● **To do**:
Could you output each line below exactly as it appears, excluding any pictures?

● **Dataset section**:
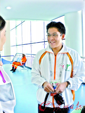 在十一運(yùn)游泳比賽的第一天,賽場(chǎng)內(nèi)的焦點(diǎn)是劉子歌、焦劉洋和張琳這3位世界冠軍。比賽剛開(kāi)始,看臺(tái)上已經(jīng)座無(wú)虛席。記者就坐在香港隊(duì)隊(duì)員旁邊,就在男子 400米自由泳預(yù)賽開(kāi)始時(shí),香港隊(duì)隊(duì)員們紛紛拿出了數(shù)碼相機(jī),記者以為他們是要拍正在比賽的世界冠軍張琳,但只見(jiàn)隊(duì)員們輪流換座位,要求坐到一個(gè)帥氣的男生身邊與之合影。記者上前一看,這個(gè)“明星”胸前的VIP證件上寫(xiě)著“香港代表團(tuán)霍啟剛”。
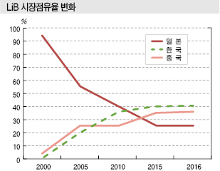 그러나 휴대폰 보급과 함께 2000년 이후 삼성SDI, LG화학, 중국 BYD 등이 부상함에 따라 일본기업들은 2010년 들어 국내기업에게 시장점유율을 추월당했고 현재 휴대폰, 노트북 등 민간용 LiB 생산비중은 국내기업이 40% 이상이며 중국기업이 30% 이상, 일본기업은 30% 미만으로 나타나고 있다.
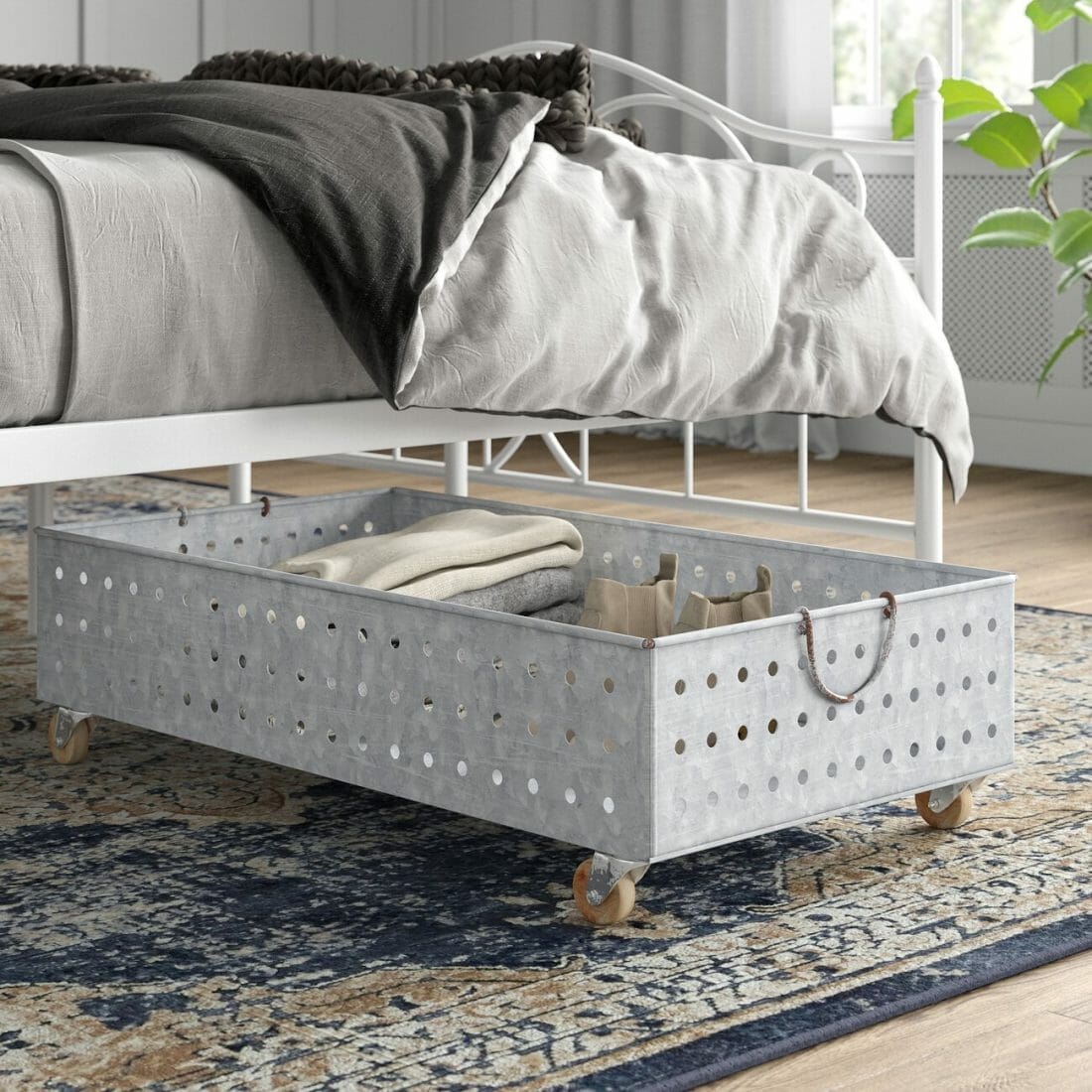 You can put this galvanized metal storage drawer under your bed to save some space. The rug prevents it from causing damage to the precious hardwood floor.

● **Solved problem**:
 在十一運(yùn)游泳比賽的第一天,賽場(chǎng)內(nèi)的焦點(diǎn)是劉子歌、焦劉洋和張琳這3位世界冠軍。比賽剛開(kāi)始,看臺(tái)上已經(jīng)座無(wú)虛席。記者就坐在香港隊(duì)隊(duì)員旁邊,就在男子 400米自由泳預(yù)賽開(kāi)始時(shí),香港隊(duì)隊(duì)員們紛紛拿出了數(shù)碼相機(jī),記者以為他們是要拍正在比賽的世界冠軍張琳,但只見(jiàn)隊(duì)員們輪流換座位,要求坐到一個(gè)帥氣的男生身邊與之合影。記者上前一看,這個(gè)“明星”胸前的VIP證件上寫(xiě)著“香港代表團(tuán)霍啟剛”。
 그러나 휴대폰 보급과 함께 2000년 이후 삼성SDI, LG화학, 중국 BYD 등이 부상함에 따라 일본기업들은 2010년 들어 국내기업에게 시장점유율을 추월당했고 현재 휴대폰, 노트북 등 민간용 LiB 생산비중은 국내기업이 40% 이상이며 중국기업이 30% 이상, 일본기업은 30% 미만으로 나타나고 있다.
 You can put this galvanized metal storage drawer under your bed to save some space. The rug prevents it from causing damage to the precious hardwood floor.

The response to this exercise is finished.